Pour commencer, préparez le système FPLC pour la purification. Rincez abondamment le chemin d’écoulement du liquide avec de l’eau ultrapure stérile en utilisant des instructions manuelles ou une méthode personnalisée. Connectez une colonne d’héparine pré-emballée d’un millilitre.
Réglez l’alarme de pression. Et laver avec cinq volumes de colonne d’eau ultrapure à un débit d’un millilitre par minute. Ensuite, changez les solutions pour les pompes du système afin de préparer l’application de l’échantillon.
Lavez la pompe du système B avec le tampon B et remplissez le reste du chemin d’écoulement du liquide avec le tampon A.Insérez le tube d’échantillonnage de la pompe d’échantillonnage dans la préparation virale. Vous pouvez également utiliser une super boucle pour l’échantillon. Insérez le tube de sortie dans un nouveau récipient.
Lors de la première réalisation de la purification, définissez une méthode personnalisée pour la purification automatique. Après avoir activé les paramètres généraux de purification, la méthode amorcera le chemin d’écoulement de l’entrée de l’échantillon S1 à la vanne d’injection avec la solution de l’échantillon. Ensuite, équilibrez la colonne avec un total de cinq volumes de colonne en utilisant 12,5 % de tampon B à raison d’un millilitre par minute.
Appliquez l’échantillon sur la colonne à raison de 0,5 millilitre par minute et collectez le débit à l’aide de l’orifice de sortie. Lavez la colonne avec 20 volumes de colonne de tampon A à raison d’un millilitre par minute. Ensuite, éluez l’échantillon à un millilitre par minute avec ce schéma.

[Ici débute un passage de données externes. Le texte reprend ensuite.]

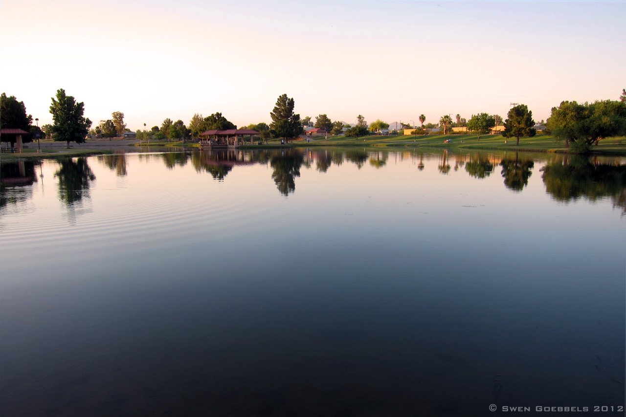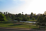 Eine Überraschung war auch Phoenix selber. Bei einer 1. Übernachtung und Durchreise hier in 2010 fanden wir die Stadt eher nichtssagend und langweilig. Wir haben uns gefragt, was die Stadt lebenswert macht und so viele Menschen dazu bewegt, diese ständige Hitze hier zu ertragen. Jetzt beim 2. Hinsehen hat sich uns der Reiz Phoenix schon mehr erschlossen. Die Stadt ist tatsächlich (trotz Hitze) lebenswert. In einer Woche quer durch die Stadt fahren, haben wir kaum eine schlechte Wohngegend gesehen. Die Stadt ist zwar eigentlich ein Konglomerat aus vielen kleinen Städtchen, aber jeder Stadtteil ist schön und sogar sehr grün. Die Stadt scheint erstaunlich viel Wasser zu haben. Überall sind man Flüsse oder Kanäle durch die Stadt fließen und es gibt überall schöne große und grüne Parkanlagen. Es gibt viel High-Tech-Industrie in Phoenix, was nach vielen sehr guten Arbeitsplätzen ausschaut und eine große Universität, die Arizona Southern University. In deren Hauptgebiet in Tempe haben wir uns fast täglich rumgetrieben. Das Zentrum um den Campus herum ist quirlig und voller Leben, hier gibt es viele Restaurants und Boutiquen und es liegt direkt am Fluß mit einer Strandpromenade. Hier haben wir uns auch mal ein vergleichbares High-rise wie in Vegas angesehen und uns für Wohnungen interessiert. Wir waren wirklich beeindruckt! Eine fantastische Wohnanlage!

Sélectionnez cette option pour collecter l’échantillon élué en fractions d’un millilitre à l’aide d’un collecteur de fractions. Rééquilibrez ensuite la colonne à raison d’un millilitre par minute avec 12,5 % de tampon B pour cinq volumes de colonne. Ouvrez la méthode créée et attendez l’étape d’élution.
Collectez les fractions à l’aide d’un collecteur de fractions. De plus, prélevez une aliquote de l’écoulement et stockez les fractions à moins 20 degrés Celsius. Évaluez le chromatogramme enregistré automatiquement de toutes les étapes de purification.

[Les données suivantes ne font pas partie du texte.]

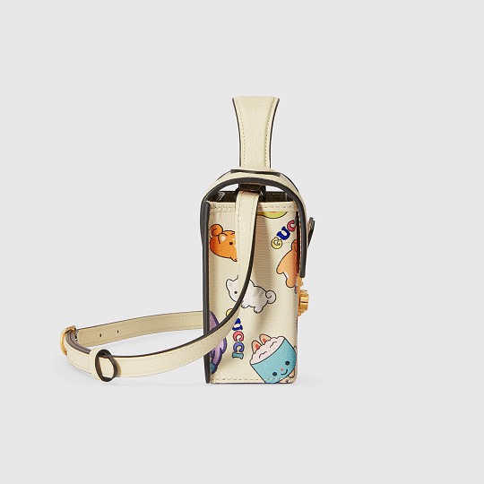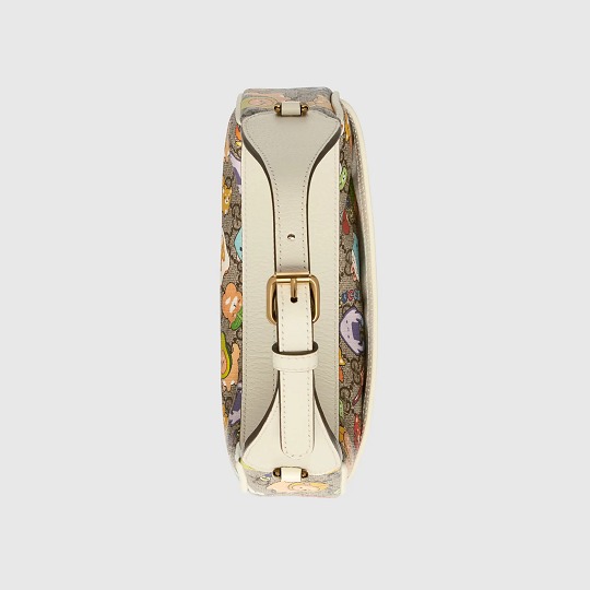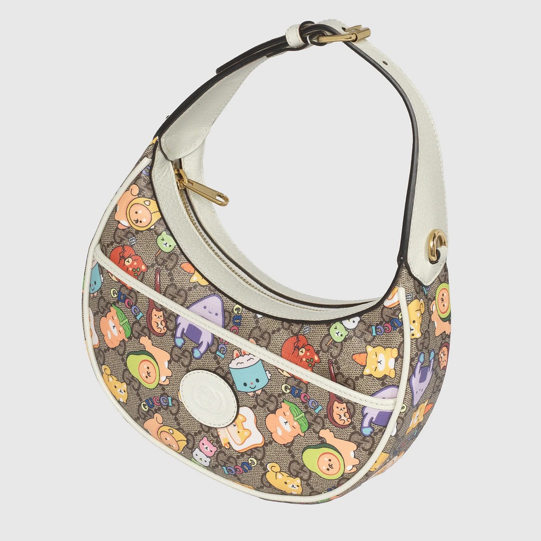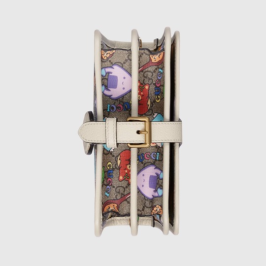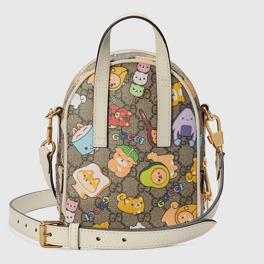 GG Supreme 帆布系列搭配白色皮革細節,色調清爽又富有活力,熱鬧的小動物聚會插畫看點滿滿。迷你手拎包采用俏皮的月牙輪廓,可拆卸鏈條肩帶實現多種背法。同系列還有迷你托特包、小號托特包、多功能肩背包、郵差包、腰包等多款包型,中性設計也可以搭配成情侶包出街。

Y compris le profil d’élution. Une fois l’opération terminée, remplacez les entrées des solutions tampons par de l’eau ultrapure et lavez la colonne à raison d’un millilitre par minute pour cinq volumes de colonne. En restaurant la colonne, passez de l’eau ultra-pure à l’éthanol à 20 % et lavez la colonne sur cinq volumes de colonne.
Pour concentrer les rAAV, chargez les fractions FPLC souhaitées dans une unité de filtration centrifuge de 15 millilitres avec une coupure de poids moléculaire de 100 kilodaltons. Centrifuger à 2 000 G pendant deux minutes à température ambiante pour atteindre un volume concentré d’environ 500 microlitres. Poursuivez l’échange de tampon en ajoutant un millilitre de PBS stérile dans l’unité de filtration centrifuge.
Lavez le filtre par pipetage. Et centrifuger à des intervalles d’une minute jusqu’à atteindre un volume de 500 microlitres. Concentrez davantage les rAAV en transférant cet échantillon de 500 microlitres dans une unité de filtration centrifuge de 0,5 millilitre avec une coupure de 100 kilodaltons.
Et la centrifugation à 6 000 G pendant une minute d’intervalle jusqu’à ce que le volume soit inférieur à 100 microlitres. Récupérez le rAAV concentré en inversant le dispositif de filtration dans un nouveau micro-tube de centrifugation et en centrifugeant pour transférer les rAAV dans le tube. Aliquotez les rAAV dans des microtubes de centrifugation à faible rétention et stockez-les à moins 80 degrés Celsius.
La pureté des préparations de rAAV a été analysée à l’aide de la page SDS, révélant des bandes de protéines de capside distinctes. La visualisation des particules virales par TEM a montré des particules vides avec un centre dense en électrons et des particules pleines. L’évaluation des propriétés d’impuretés physiques des rAAV à l’aide de la plateforme d’étourdissement a révélé des particules de capside intactes d’environ 30 nanomètres, un titre global de capside, des protéines libres et agrégées et de l’ADN monocaténaire.
Les tests d’infectiosité dans les cellules neuro 2a ont montré des niveaux d’infectivité élevés. Cultures neuronales primaires infectées par les préparations virales mises en évidence. propriétés préservées du transfert de gènes.
La transduction in vivo du cervelet de souris avec des vecteurs rAAV a entraîné une expression prolongée de la GFP. Indication de l’expression réussie du transgène dans le cerveau des mammifères.